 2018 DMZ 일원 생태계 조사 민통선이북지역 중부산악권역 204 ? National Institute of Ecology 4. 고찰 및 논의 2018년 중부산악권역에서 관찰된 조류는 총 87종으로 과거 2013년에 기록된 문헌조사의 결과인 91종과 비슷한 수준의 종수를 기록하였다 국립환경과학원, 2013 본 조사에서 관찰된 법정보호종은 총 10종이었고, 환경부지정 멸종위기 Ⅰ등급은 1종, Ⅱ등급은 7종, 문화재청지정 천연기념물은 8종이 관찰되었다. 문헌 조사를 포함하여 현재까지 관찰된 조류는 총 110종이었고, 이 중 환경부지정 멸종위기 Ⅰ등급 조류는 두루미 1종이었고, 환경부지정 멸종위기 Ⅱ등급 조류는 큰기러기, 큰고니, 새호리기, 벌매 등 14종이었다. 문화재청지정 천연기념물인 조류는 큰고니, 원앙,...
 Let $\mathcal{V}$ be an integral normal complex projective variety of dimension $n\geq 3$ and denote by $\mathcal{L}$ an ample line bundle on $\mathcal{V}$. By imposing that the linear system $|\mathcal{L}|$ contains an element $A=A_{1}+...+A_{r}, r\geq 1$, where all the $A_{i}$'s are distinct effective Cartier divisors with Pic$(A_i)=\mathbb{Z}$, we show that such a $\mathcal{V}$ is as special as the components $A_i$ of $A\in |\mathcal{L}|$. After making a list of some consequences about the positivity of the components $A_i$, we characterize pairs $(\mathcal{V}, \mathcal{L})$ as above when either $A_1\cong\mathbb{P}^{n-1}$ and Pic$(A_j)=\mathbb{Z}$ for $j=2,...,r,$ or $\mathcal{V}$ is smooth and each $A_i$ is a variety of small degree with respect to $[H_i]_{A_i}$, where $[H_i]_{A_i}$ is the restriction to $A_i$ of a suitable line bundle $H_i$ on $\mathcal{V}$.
...
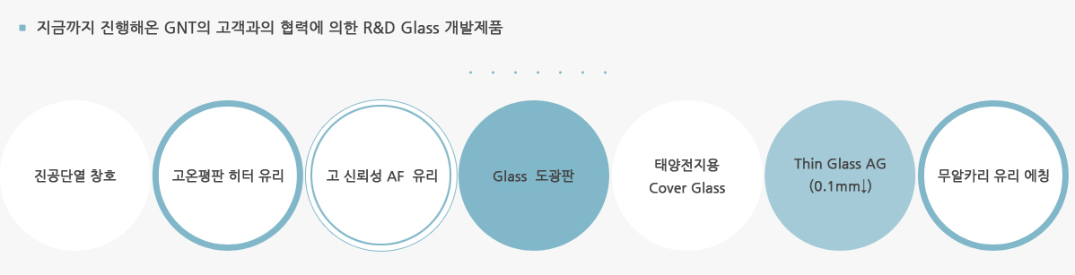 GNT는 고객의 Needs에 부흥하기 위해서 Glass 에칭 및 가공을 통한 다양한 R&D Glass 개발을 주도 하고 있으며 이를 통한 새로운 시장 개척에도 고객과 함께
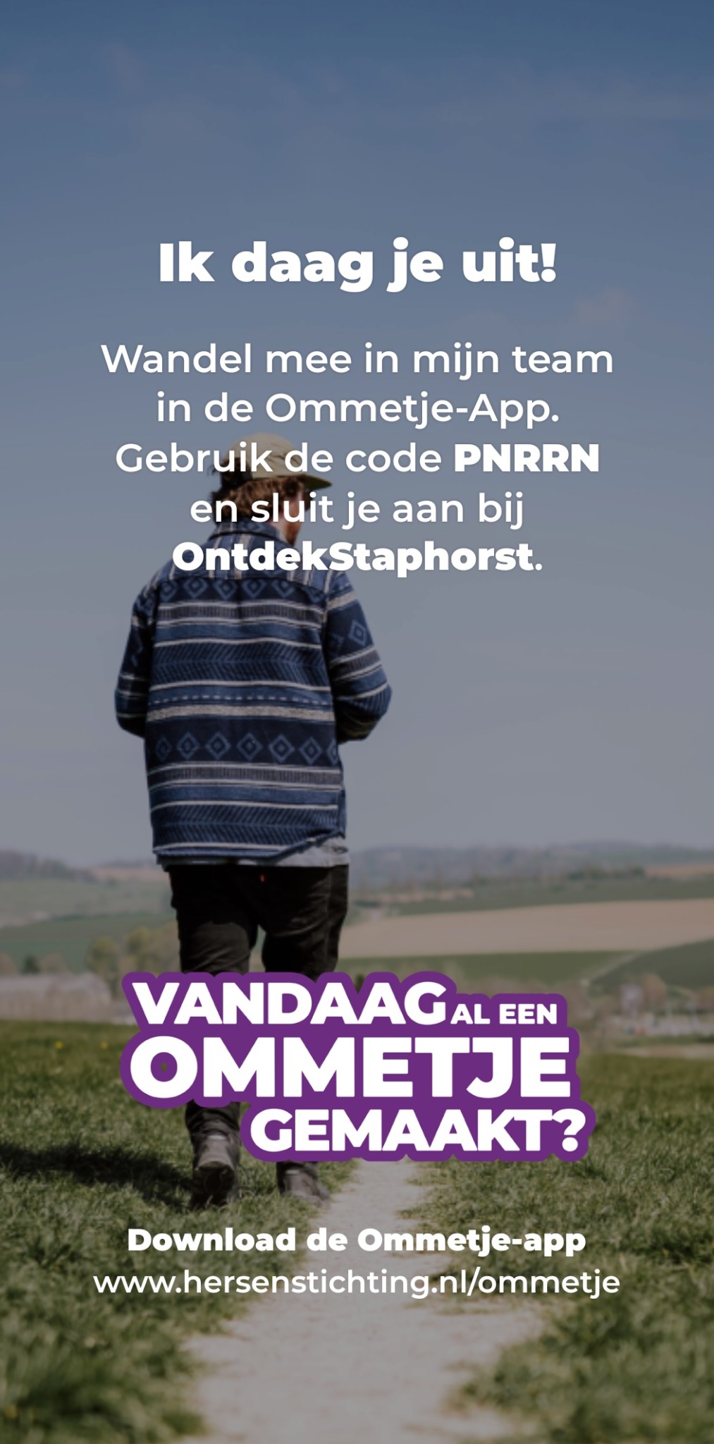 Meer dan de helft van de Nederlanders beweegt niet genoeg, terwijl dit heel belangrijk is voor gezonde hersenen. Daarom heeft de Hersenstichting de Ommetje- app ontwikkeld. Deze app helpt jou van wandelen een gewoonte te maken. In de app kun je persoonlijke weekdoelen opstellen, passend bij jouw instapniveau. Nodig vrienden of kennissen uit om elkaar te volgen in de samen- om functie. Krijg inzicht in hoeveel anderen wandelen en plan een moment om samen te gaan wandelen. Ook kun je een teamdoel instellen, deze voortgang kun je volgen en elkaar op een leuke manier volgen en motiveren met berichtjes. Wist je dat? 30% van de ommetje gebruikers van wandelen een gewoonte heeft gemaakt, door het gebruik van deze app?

**What the task requires**
In the listing above, find the line holding "GNT는 고객의 Needs에" and the line holding "Meer dan de". Reproduce those two lines and all between them exactly, leaving out pictures.

**Response for this exercise**
 GNT는 고객의 Needs에 부흥하기 위해서 Glass 에칭 및 가공을 통한 다양한 R&D Glass 개발을 주도 하고 있으며 이를 통한 새로운 시장 개척에도 고객과 함께
 Meer dan de helft van de Nederlanders beweegt niet genoeg, terwijl dit heel belangrijk is voor gezonde hersenen. Daarom heeft de Hersenstichting de Ommetje- app ontwikkeld. Deze app helpt jou van wandelen een gewoonte te maken. In de app kun je persoonlijke weekdoelen opstellen, passend bij jouw instapniveau. Nodig vrienden of kennissen uit om elkaar te volgen in de samen- om functie. Krijg inzicht in hoeveel anderen wandelen en plan een moment om samen te gaan wandelen. Ook kun je een teamdoel instellen, deze voortgang kun je volgen en elkaar op een leuke manier volgen en motiveren met berichtjes. Wist je dat? 30% van de ommetje gebruikers van wandelen een gewoonte heeft gemaakt, door het gebruik van deze app?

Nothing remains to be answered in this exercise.